Lo stato di Israele vive in queste condizioni di paura da decenni, cosa che ha innescato dinamiche riconoscibili. E cioè far sì che la popolazione sia in grado di gestire una capacità di autodifesa, anche un incremento di paura però combinata con una maggiore efficenza di protezione e la convinzione di dover coabitare per sempre con questa problematica e conflittuale.

Per sempre? 

Questo è quello che attende l’Europa. È stata avviata quella che Oriana Fallaci definiva  una euro-arabizzazione e questo è il prezzo da pagare. 

Per noi europei però è una situazione inedita, a differenza degli israeliani. Come reagiremo alla lunga?

Ci abitueremo come nella vita ci si abitua a tutto. D’altra parte questo conflitto con il mondo islamico non è destinato a estinguersi in tempi brevi, anzi è destinato a crescere ulteriormente, visto che l’immigrazione introduce circa 10mila islamici alla settimana nel nostro Paese.

Non saranno tutti terroristi…

No, ma diventerà un humus diffuso che permetterà la crescita della radicalizzazione islamica.

L’allarme bomba di Ventimiglia che si è risolto in un nulla di fatto fortunatamente è stato lanciato da una telefonata anonima. Che tipo di soggetto è quello che fa queste azioni?
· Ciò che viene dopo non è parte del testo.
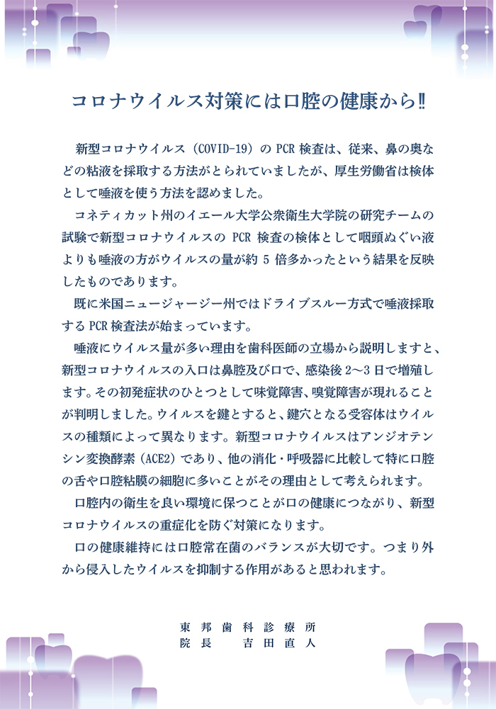 当院でレーザーによる麻酔法をはじめて伝授されたのは昭和大学歯学部第1保存学講座の松本光吉教授からで、その後もレーザー治療に関していろいろとご教示いただいており この場を借りてお礼申し上げたい。

Vuole alimentare il clima di paura?

Si tratta di mitomani narcisisti borderline, persone disturbate che hanno bisogno di vedere che effetto fa il loro procurato allarme. La stessa forma mentale dei piromani, degli incendiari, che scatenano le fiamme e poi guardano cosa sono riusciti a creare. 

 

Il caso dello stragista di Monaco di Baviera è poco chiaro, che idea si è fatto?
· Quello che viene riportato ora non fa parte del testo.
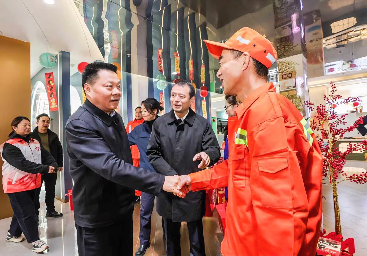 2月17日大年初一,江苏交控党委书记、董事长王先正到省高速公路调度指挥中心、沪宁高速黄栗墅服务区,调研督导春节安全保畅工作,并看望慰问春节期间坚守岗位的一线员工。

Non si sa assolutamente cosa ci sia dietro veramente, sono stati attuati talmente tanti depistaggi mediatico giudiziari che definire esattamente il caso è impossibile. La polizia e i media cercano di non alimentare allarmi creando processi di copertura assurdi.

 

È vero che persone con disturbi mentali possono assorbire il clima che si respira dando vita a fenomeni indipendenti?
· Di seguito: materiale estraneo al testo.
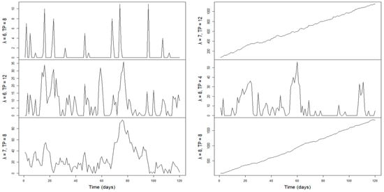 The green cells reflect operating conditions where the delayed orders’ time series is stationary, there are small fluctuations in the number of delayed orders, and consequently the time to deliver the orders is kept at reasonable limits. The yellow cells correspond to operating conditions for which the delayed orders’ time series becomes non-stationary, but no trend and no drift are recorded. There are higher variations in the delayed orders’ inventory and some customers can experience long delivery periods. The locker station can still operate, but with lower performance. The red cells depict areas where the system becomes overloaded. The delayed orders’ time series is non-stationary, and a time trend is recorded (the number of delayed orders increases indefinitely). Increasing the lockers’ point capacity (the number of lockers) is the sole solution for further operation with these parameters.

Tutti quelli che vengono reclutati per processi terroristici o rivoluzionari, persino quelli che sono andati a combattere sul posto i cosiddetti foreign fighter, sono persone che avevano quantomeno tratti psicotici di personalità borderline. Questi personaggi si possono pescare ovunque, anche nelle carceri, anche nelle carceri o negli ambienti, è un fenomeno destinato a crescere in modo esponenziale.

 

Di fatto l’Isis non ha neanche bisogno di contattarli direttamente.

L’Isis è un contagio che passa attraverso il web, l’islam radicale è come un virus che attacca il computer, non ha bisogno di un contatto diretto. Entra nel software senza bisogno di consapevolezza di chi è davanti al computer. Diventa un fenomeno virale proprio come un virus e si espande ovunque.

 

Stimola comportamenti patologici già esistenti?

Comportamenti patologici per noi, rivoluzionari per loro, si tratta solo di stabilire chi ha ragione. Il fatto è che loro vogliono distruggere il nostro modello di società e noi vorremmo preservarla, ma non sarà facile.

 

La gente, noi europei, in che condizioni siamo attualmente? Come reagiremo?

La gran massa della gente vive nell’ipnosi del politicamente corretto che fanno passare i media, i telegiornali, senza avere percezione del pericolo reale. Ma i fatti, come diceva Lenin, hanno la testa dura.